## WHAT THE TASK REQUIRES:
Retype the entries in full.

## EXTRACTED INFORMATION:
[Start of section]

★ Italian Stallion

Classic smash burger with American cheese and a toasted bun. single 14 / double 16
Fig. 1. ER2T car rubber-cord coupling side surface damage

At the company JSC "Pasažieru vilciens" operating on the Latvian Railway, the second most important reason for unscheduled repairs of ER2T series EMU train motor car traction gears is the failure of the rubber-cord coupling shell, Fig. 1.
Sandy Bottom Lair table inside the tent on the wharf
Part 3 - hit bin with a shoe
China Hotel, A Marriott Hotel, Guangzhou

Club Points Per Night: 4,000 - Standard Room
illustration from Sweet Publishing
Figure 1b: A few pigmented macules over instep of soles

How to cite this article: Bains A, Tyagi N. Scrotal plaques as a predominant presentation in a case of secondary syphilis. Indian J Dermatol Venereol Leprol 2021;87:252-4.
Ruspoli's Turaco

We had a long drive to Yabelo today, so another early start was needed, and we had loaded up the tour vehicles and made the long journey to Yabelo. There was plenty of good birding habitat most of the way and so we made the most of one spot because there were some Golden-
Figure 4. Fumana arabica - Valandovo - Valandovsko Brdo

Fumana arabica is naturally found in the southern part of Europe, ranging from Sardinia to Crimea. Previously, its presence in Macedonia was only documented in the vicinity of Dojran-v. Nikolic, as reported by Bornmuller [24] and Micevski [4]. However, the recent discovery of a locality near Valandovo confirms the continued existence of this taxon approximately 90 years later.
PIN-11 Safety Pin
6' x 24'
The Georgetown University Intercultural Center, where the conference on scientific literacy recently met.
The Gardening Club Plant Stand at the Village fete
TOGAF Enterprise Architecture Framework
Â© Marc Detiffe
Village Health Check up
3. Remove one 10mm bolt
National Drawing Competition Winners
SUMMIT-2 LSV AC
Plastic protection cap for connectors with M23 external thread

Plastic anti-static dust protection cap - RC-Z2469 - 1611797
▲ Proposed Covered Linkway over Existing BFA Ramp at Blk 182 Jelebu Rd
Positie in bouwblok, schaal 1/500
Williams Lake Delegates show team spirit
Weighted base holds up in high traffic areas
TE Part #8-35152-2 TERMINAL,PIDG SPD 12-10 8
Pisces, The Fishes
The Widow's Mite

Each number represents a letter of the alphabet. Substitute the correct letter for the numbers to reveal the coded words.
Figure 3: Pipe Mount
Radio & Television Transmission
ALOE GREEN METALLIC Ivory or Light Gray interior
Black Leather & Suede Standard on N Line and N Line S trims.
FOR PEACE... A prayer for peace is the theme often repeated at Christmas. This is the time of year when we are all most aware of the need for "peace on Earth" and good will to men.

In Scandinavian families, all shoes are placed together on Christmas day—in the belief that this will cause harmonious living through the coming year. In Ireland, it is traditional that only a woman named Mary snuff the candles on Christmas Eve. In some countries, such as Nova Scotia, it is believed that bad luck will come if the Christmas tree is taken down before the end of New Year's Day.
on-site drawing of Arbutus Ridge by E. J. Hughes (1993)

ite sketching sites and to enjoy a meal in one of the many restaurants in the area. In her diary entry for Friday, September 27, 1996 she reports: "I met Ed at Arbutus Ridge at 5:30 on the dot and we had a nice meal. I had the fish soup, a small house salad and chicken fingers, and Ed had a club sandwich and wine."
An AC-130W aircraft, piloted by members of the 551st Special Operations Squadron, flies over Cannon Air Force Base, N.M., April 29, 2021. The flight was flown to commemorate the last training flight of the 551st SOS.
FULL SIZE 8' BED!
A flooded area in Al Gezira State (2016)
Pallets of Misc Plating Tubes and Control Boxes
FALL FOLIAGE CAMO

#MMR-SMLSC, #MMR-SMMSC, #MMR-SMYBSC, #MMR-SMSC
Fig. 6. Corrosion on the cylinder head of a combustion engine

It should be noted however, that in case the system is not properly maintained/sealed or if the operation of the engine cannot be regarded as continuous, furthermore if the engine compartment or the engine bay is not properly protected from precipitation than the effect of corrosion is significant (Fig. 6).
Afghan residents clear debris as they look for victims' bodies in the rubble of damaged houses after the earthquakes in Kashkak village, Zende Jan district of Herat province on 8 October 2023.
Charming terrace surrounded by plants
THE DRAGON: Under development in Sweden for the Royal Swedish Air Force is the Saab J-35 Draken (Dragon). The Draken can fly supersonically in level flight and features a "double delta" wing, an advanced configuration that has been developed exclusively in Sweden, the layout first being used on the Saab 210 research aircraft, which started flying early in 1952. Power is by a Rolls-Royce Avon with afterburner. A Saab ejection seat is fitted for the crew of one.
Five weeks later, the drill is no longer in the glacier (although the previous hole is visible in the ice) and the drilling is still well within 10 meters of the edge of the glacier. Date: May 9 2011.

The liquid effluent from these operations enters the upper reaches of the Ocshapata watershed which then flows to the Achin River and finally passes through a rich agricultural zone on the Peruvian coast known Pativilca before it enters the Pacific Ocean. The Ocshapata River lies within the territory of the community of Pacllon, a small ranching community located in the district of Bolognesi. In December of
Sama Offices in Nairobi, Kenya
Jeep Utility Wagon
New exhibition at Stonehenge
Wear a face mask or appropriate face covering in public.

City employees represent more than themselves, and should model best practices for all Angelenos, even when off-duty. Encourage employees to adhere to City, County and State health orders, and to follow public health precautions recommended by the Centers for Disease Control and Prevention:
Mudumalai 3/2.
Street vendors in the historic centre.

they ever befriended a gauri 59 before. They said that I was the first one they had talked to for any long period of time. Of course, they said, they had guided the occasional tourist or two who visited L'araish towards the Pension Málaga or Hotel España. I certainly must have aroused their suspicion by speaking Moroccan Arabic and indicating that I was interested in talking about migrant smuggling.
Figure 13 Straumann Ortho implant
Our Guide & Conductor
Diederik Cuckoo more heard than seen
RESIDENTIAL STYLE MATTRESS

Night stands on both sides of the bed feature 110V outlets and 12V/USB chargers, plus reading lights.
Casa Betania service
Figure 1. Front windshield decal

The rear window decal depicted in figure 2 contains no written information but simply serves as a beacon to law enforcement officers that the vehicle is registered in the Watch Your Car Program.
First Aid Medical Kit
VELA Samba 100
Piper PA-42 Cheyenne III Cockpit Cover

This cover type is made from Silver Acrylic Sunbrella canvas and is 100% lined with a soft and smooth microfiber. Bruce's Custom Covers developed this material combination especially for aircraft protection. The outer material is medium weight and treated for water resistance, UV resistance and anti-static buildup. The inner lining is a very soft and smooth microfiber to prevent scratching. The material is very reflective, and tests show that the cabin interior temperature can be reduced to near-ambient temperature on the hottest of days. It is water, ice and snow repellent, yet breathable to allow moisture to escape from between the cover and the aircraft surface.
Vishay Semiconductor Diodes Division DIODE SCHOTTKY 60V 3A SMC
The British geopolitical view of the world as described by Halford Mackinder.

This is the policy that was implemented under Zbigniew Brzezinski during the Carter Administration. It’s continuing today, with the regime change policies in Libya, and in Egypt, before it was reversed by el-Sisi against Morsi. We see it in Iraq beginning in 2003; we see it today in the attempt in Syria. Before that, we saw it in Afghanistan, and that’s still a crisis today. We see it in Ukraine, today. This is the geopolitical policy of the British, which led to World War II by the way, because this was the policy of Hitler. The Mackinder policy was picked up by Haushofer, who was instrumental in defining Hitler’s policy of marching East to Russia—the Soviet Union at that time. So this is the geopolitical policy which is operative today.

[End of section]

## ANSWER TO THIS EXERCISE:
★ Italian Stallion

Classic smash burger with American cheese and a toasted bun. single 14 / double 16
Fig. 1. ER2T car rubber-cord coupling side surface damage

At the company JSC "Pasažieru vilciens" operating on the Latvian Railway, the second most important reason for unscheduled repairs of ER2T series EMU train motor car traction gears is the failure of the rubber-cord coupling shell, Fig. 1.
Sandy Bottom Lair table inside the tent on the wharf
Part 3 - hit bin with a shoe
China Hotel, A Marriott Hotel, Guangzhou

Club Points Per Night: 4,000 - Standard Room
illustration from Sweet Publishing
Figure 1b: A few pigmented macules over instep of soles

How to cite this article: Bains A, Tyagi N. Scrotal plaques as a predominant presentation in a case of secondary syphilis. Indian J Dermatol Venereol Leprol 2021;87:252-4.
Ruspoli's Turaco

We had a long drive to Yabelo today, so another early start was needed, and we had loaded up the tour vehicles and made the long journey to Yabelo. There was plenty of good birding habitat most of the way and so we made the most of one spot because there were some Golden-
Figure 4. Fumana arabica - Valandovo - Valandovsko Brdo

Fumana arabica is naturally found in the southern part of Europe, ranging from Sardinia to Crimea. Previously, its presence in Macedonia was only documented in the vicinity of Dojran-v. Nikolic, as reported by Bornmuller [24] and Micevski [4]. However, the recent discovery of a locality near Valandovo confirms the continued existence of this taxon approximately 90 years later.
PIN-11 Safety Pin
6' x 24'
The Georgetown University Intercultural Center, where the conference on scientific literacy recently met.
The Gardening Club Plant Stand at the Village fete
TOGAF Enterprise Architecture Framework
Â© Marc Detiffe
Village Health Check up
3. Remove one 10mm bolt
National Drawing Competition Winners
SUMMIT-2 LSV AC
Plastic protection cap for connectors with M23 external thread

Plastic anti-static dust protection cap - RC-Z2469 - 1611797
▲ Proposed Covered Linkway over Existing BFA Ramp at Blk 182 Jelebu Rd
Positie in bouwblok, schaal 1/500
Williams Lake Delegates show team spirit
Weighted base holds up in high traffic areas
TE Part #8-35152-2 TERMINAL,PIDG SPD 12-10 8
Pisces, The Fishes
The Widow's Mite

Each number represents a letter of the alphabet. Substitute the correct letter for the numbers to reveal the coded words.
Figure 3: Pipe Mount
Radio & Television Transmission
ALOE GREEN METALLIC Ivory or Light Gray interior
Black Leather & Suede Standard on N Line and N Line S trims.
FOR PEACE... A prayer for peace is the theme often repeated at Christmas. This is the time of year when we are all most aware of the need for "peace on Earth" and good will to men.

In Scandinavian families, all shoes are placed together on Christmas day—in the belief that this will cause harmonious living through the coming year. In Ireland, it is traditional that only a woman named Mary snuff the candles on Christmas Eve. In some countries, such as Nova Scotia, it is believed that bad luck will come if the Christmas tree is taken down before the end of New Year's Day.
on-site drawing of Arbutus Ridge by E. J. Hughes (1993)

ite sketching sites and to enjoy a meal in one of the many restaurants in the area. In her diary entry for Friday, September 27, 1996 she reports: "I met Ed at Arbutus Ridge at 5:30 on the dot and we had a nice meal. I had the fish soup, a small house salad and chicken fingers, and Ed had a club sandwich and wine."
An AC-130W aircraft, piloted by members of the 551st Special Operations Squadron, flies over Cannon Air Force Base, N.M., April 29, 2021. The flight was flown to commemorate the last training flight of the 551st SOS.
FULL SIZE 8' BED!
A flooded area in Al Gezira State (2016)
Pallets of Misc Plating Tubes and Control Boxes
FALL FOLIAGE CAMO

#MMR-SMLSC, #MMR-SMMSC, #MMR-SMYBSC, #MMR-SMSC
Fig. 6. Corrosion on the cylinder head of a combustion engine

It should be noted however, that in case the system is not properly maintained/sealed or if the operation of the engine cannot be regarded as continuous, furthermore if the engine compartment or the engine bay is not properly protected from precipitation than the effect of corrosion is significant (Fig. 6).
Afghan residents clear debris as they look for victims' bodies in the rubble of damaged houses after the earthquakes in Kashkak village, Zende Jan district of Herat province on 8 October 2023.
Charming terrace surrounded by plants
THE DRAGON: Under development in Sweden for the Royal Swedish Air Force is the Saab J-35 Draken (Dragon). The Draken can fly supersonically in level flight and features a "double delta" wing, an advanced configuration that has been developed exclusively in Sweden, the layout first being used on the Saab 210 research aircraft, which started flying early in 1952. Power is by a Rolls-Royce Avon with afterburner. A Saab ejection seat is fitted for the crew of one.
Five weeks later, the drill is no longer in the glacier (although the previous hole is visible in the ice) and the drilling is still well within 10 meters of the edge of the glacier. Date: May 9 2011.

The liquid effluent from these operations enters the upper reaches of the Ocshapata watershed which then flows to the Achin River and finally passes through a rich agricultural zone on the Peruvian coast known Pativilca before it enters the Pacific Ocean. The Ocshapata River lies within the territory of the community of Pacllon, a small ranching community located in the district of Bolognesi. In December of
Sama Offices in Nairobi, Kenya
Jeep Utility Wagon
New exhibition at Stonehenge
Wear a face mask or appropriate face covering in public.

City employees represent more than themselves, and should model best practices for all Angelenos, even when off-duty. Encourage employees to adhere to City, County and State health orders, and to follow public health precautions recommended by the Centers for Disease Control and Prevention:
Mudumalai 3/2.
Street vendors in the historic centre.

they ever befriended a gauri 59 before. They said that I was the first one they had talked to for any long period of time. Of course, they said, they had guided the occasional tourist or two who visited L'araish towards the Pension Málaga or Hotel España. I certainly must have aroused their suspicion by speaking Moroccan Arabic and indicating that I was interested in talking about migrant smuggling.
Figure 13 Straumann Ortho implant
Our Guide & Conductor
Diederik Cuckoo more heard than seen
RESIDENTIAL STYLE MATTRESS

Night stands on both sides of the bed feature 110V outlets and 12V/USB chargers, plus reading lights.
Casa Betania service
Figure 1. Front windshield decal

The rear window decal depicted in figure 2 contains no written information but simply serves as a beacon to law enforcement officers that the vehicle is registered in the Watch Your Car Program.
First Aid Medical Kit
VELA Samba 100
Piper PA-42 Cheyenne III Cockpit Cover

This cover type is made from Silver Acrylic Sunbrella canvas and is 100% lined with a soft and smooth microfiber. Bruce's Custom Covers developed this material combination especially for aircraft protection. The outer material is medium weight and treated for water resistance, UV resistance and anti-static buildup. The inner lining is a very soft and smooth microfiber to prevent scratching. The material is very reflective, and tests show that the cabin interior temperature can be reduced to near-ambient temperature on the hottest of days. It is water, ice and snow repellent, yet breathable to allow moisture to escape from between the cover and the aircraft surface.
Vishay Semiconductor Diodes Division DIODE SCHOTTKY 60V 3A SMC
The British geopolitical view of the world as described by Halford Mackinder.

This is the policy that was implemented under Zbigniew Brzezinski during the Carter Administration. It’s continuing today, with the regime change policies in Libya, and in Egypt, before it was reversed by el-Sisi against Morsi. We see it in Iraq beginning in 2003; we see it today in the attempt in Syria. Before that, we saw it in Afghanistan, and that’s still a crisis today. We see it in Ukraine, today. This is the geopolitical policy of the British, which led to World War II by the way, because this was the policy of Hitler. The Mackinder policy was picked up by Haushofer, who was instrumental in defining Hitler’s policy of marching East to Russia—the Soviet Union at that time. So this is the geopolitical policy which is operative today.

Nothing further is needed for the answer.